The dentist-assistant relationship is unique. It reminds me of the nursery rhyme, ‘There was a little girl, with a curl, right in the middle of her forehead. And when she was good she was very, very good, but when she was bad she was horrid!’

During my many years as a dental assistant, I experienced both good and not-so-good connections with dentists. Thankfully, I never had anything I would describe as ‘horrid’, but I have heard some stories…

Upon reflection, the natural process of maturing, developing awareness and respect for others and taking responsibility for both my actions and communication when things were not going well all helped to improve my relationships.

There are three characteristics that I believe contribute enormously to a successful and happy dentist-assistant relationship:

1. Safety

I have written often of the relevance that safety plays in workplace relationships. Can team members feel safe to make a mistake and not be demeaned? If team members are unhappy about something, is there a forum where they can be heard without being dismissed? Do team members feel that their contributions to the practice are valued? Issues arise when people don’t feel safe. Team members may become defensive, avoid or deflect responsibility when something goes wrong, become overly critical of others and may feel victimised by other team members who are in reaction to feeling unsafe themselves.

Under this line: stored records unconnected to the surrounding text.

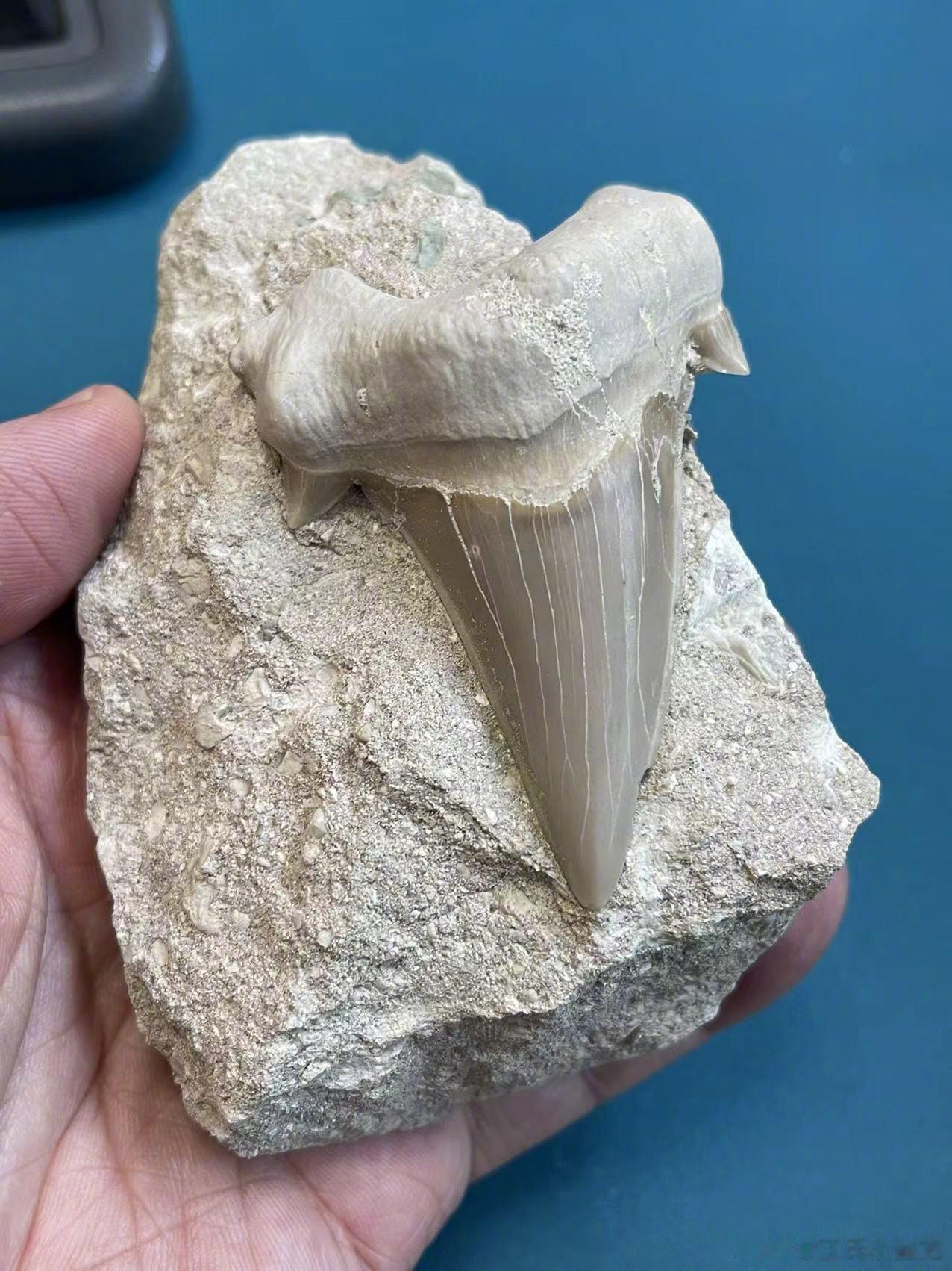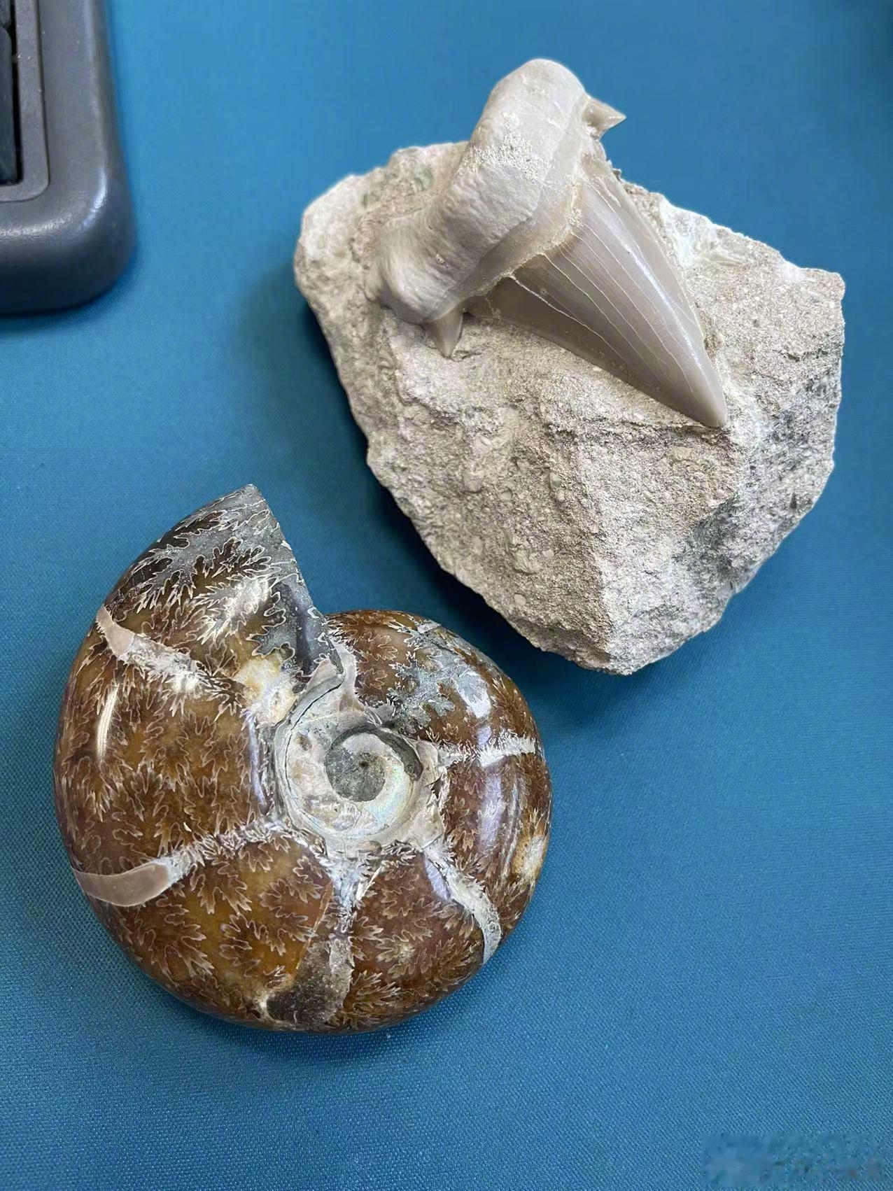 今天上新一枚刚到的大耳齿鲨牙齿化石,测长足8,保存在海相围岩之中。另一个化石则是漂亮的带菊石,并不是常见的叶菊石哦。店里还有更多古生物化石,欢迎来逛逛!
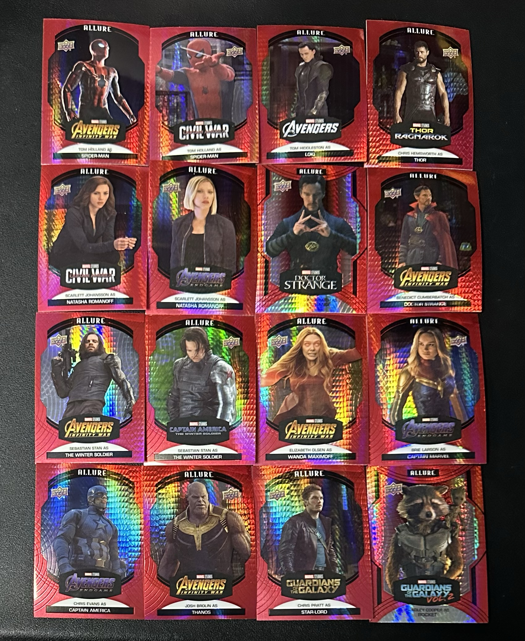 2022 Upper Deck Marvel Allure UD 漫威诱惑 小黑钻 红平行 红折 16张不重复 蜘蛛侠 钢铁侠 洛基 雷神 绯红 奇异博士 冬兵等 卡有弯曲介意勿拍
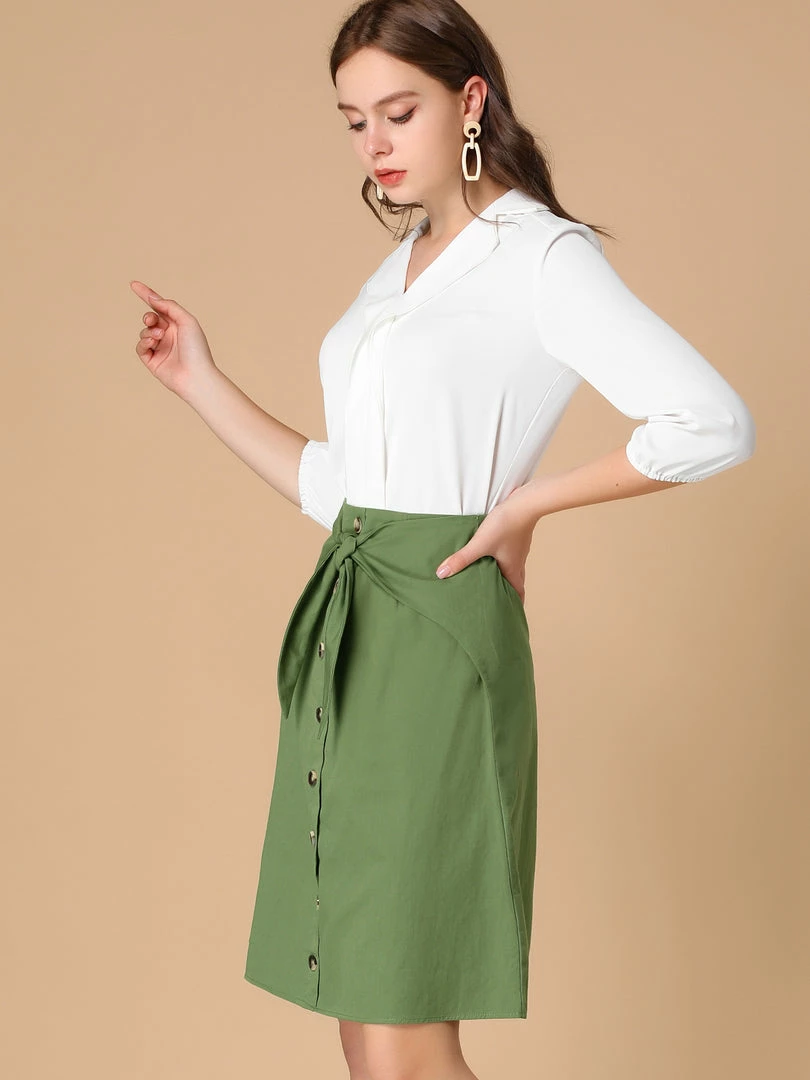 Allegra K Women’s Bow Tie Cotton Button Front Flare A-line Skirt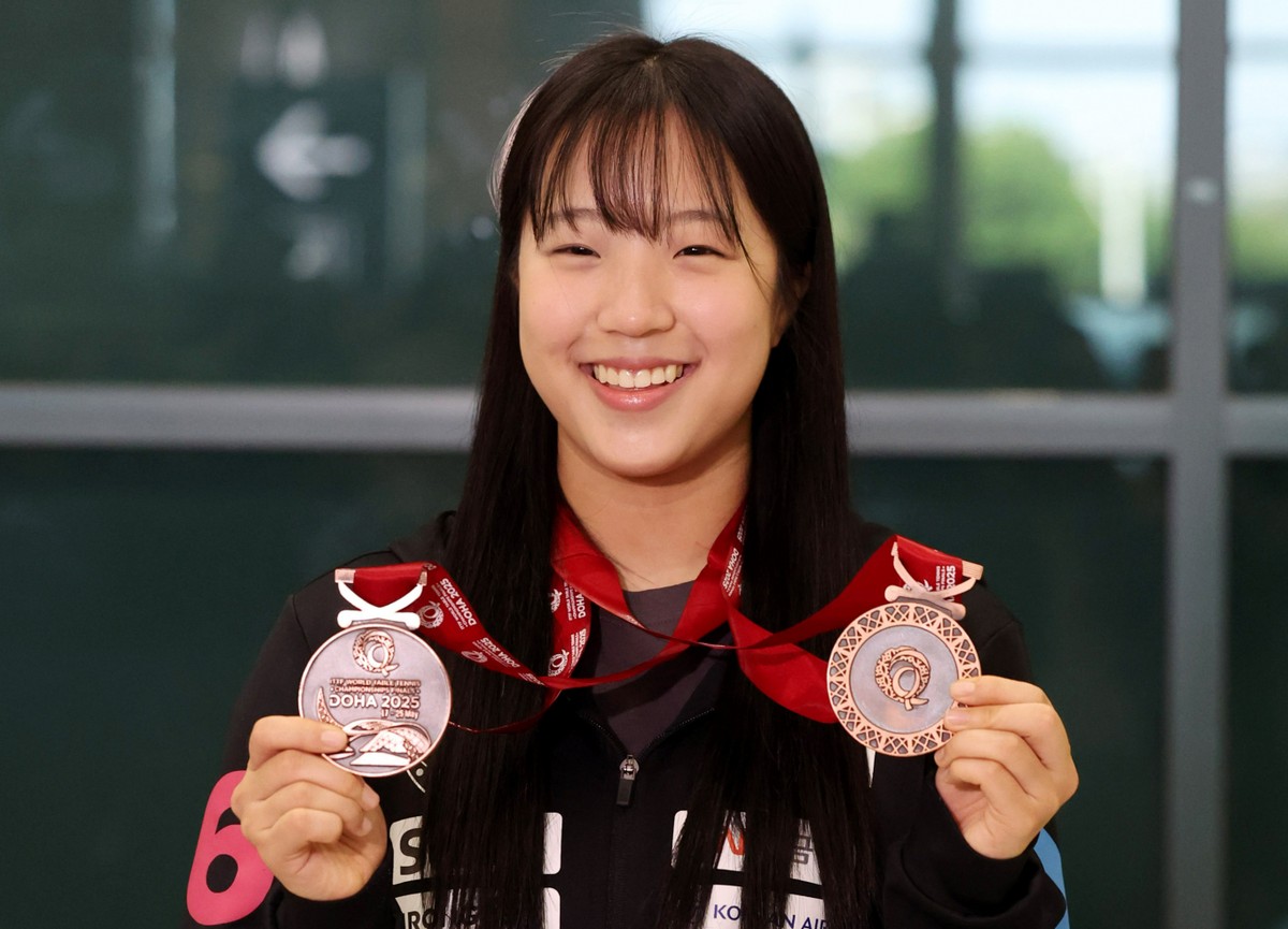 탁구 선수 신유빈(대한항공)이 첫 출전한 제79회 종합선수권에서 2관왕을 차지했다. 사진은 2025 국제탁구연맹(ITTF) 세계선수권대회에서 동메달 2개를 획득한 신유빈이 지난해 5월26일 인천국제공항 제1터미널을 통해 귀국한 후 메달을 들어 보인 모습. /사진=뉴시스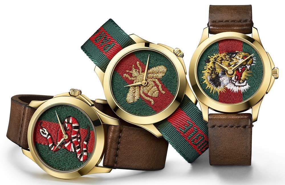 這些手表大多采用將表帶的主題延續到表盤上的主題,以實現外觀整潔、具有凝聚力的設計,當然具有潛力。我在其他手表上看到過這種情況,表盤上的條紋反映在表帶上(反之亦然,但你想看它),在許多情況下它看起來很漂亮。除了 Gucci Marché des Merveilles 系列之外,該品牌還發布了至少四個帶有動物裝飾表盤的 Gucci Dive 新版本。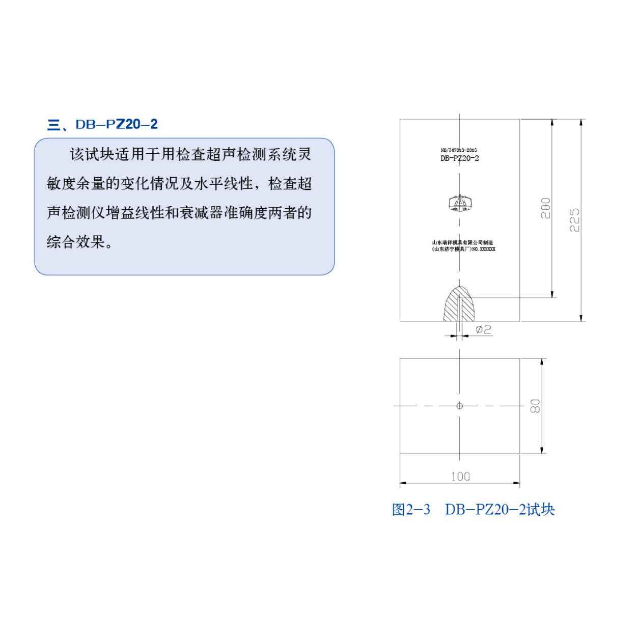 DB-P Z20 Ultrasound test block NB T47013-2015 Pressure Container without distortion test block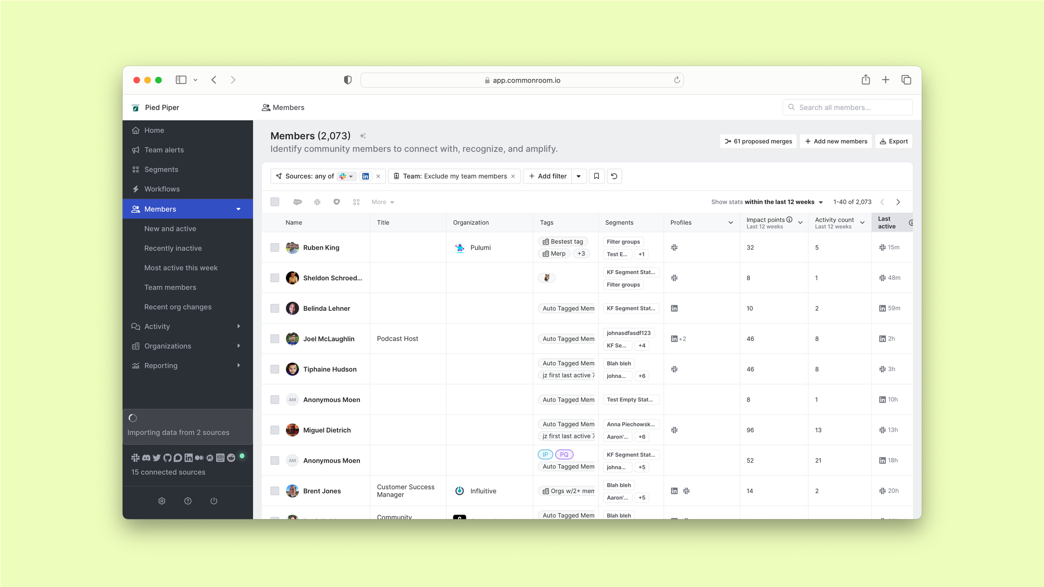 We’ll authenticate our account, set the connection, and bam—data from Slack is flowing into Common Room.

Unexpected situations arise in the clinical surgery. Preparing the wrong bonding liquid, using out-of-date medicaments, infection control breaches, neglecting to send off lab impressions…the list is endless. Catching these events before they become hazardous, or mitigating their impact is important. However, if an assistant knows she will be demeaned, she is less likely to admit or disclose her mistake, especially if she is young.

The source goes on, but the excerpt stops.